Charles Stross wrote a rather vehement and I thought ill-informed piece on how steampunkers only emulate the highest classes of society and if we were "real steampunks" we would want to dwell more on the dirt, filth, poverty, alienation, etc, that were present in the era we draw our inspriation from. Well, first off - there are a lot of people who do enjoy exploring those tropes within the context of steampunk.
But there is also an aspect of steampunk that focuses on the "maker" aesthetic - the idea that objects should be beautiful as well as functional. In many ways this is seen as a reaction to our current "black plastic box" technology - no one really understands exactly how it works, and when it stops working you just buy another one.

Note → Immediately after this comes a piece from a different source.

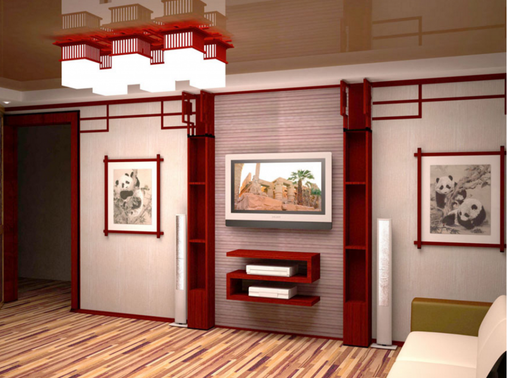 Дополнить декор помогают характерные для Китая рисунки, стены украшают картины и панно с изображением иероглифов.

But personally, for me, I enjoy steampunk as fantasy and escapism. People don't go to the renaissance faires to see human waste running along the street, beggars with suppurating sores or missing limbs, get food poisoning, or smell people who didn't bathe or wash most of their clothing very often. I don't read/watch/play steampunk to focus on how messed-up Victorian society really was - I want to focus on what it could have become.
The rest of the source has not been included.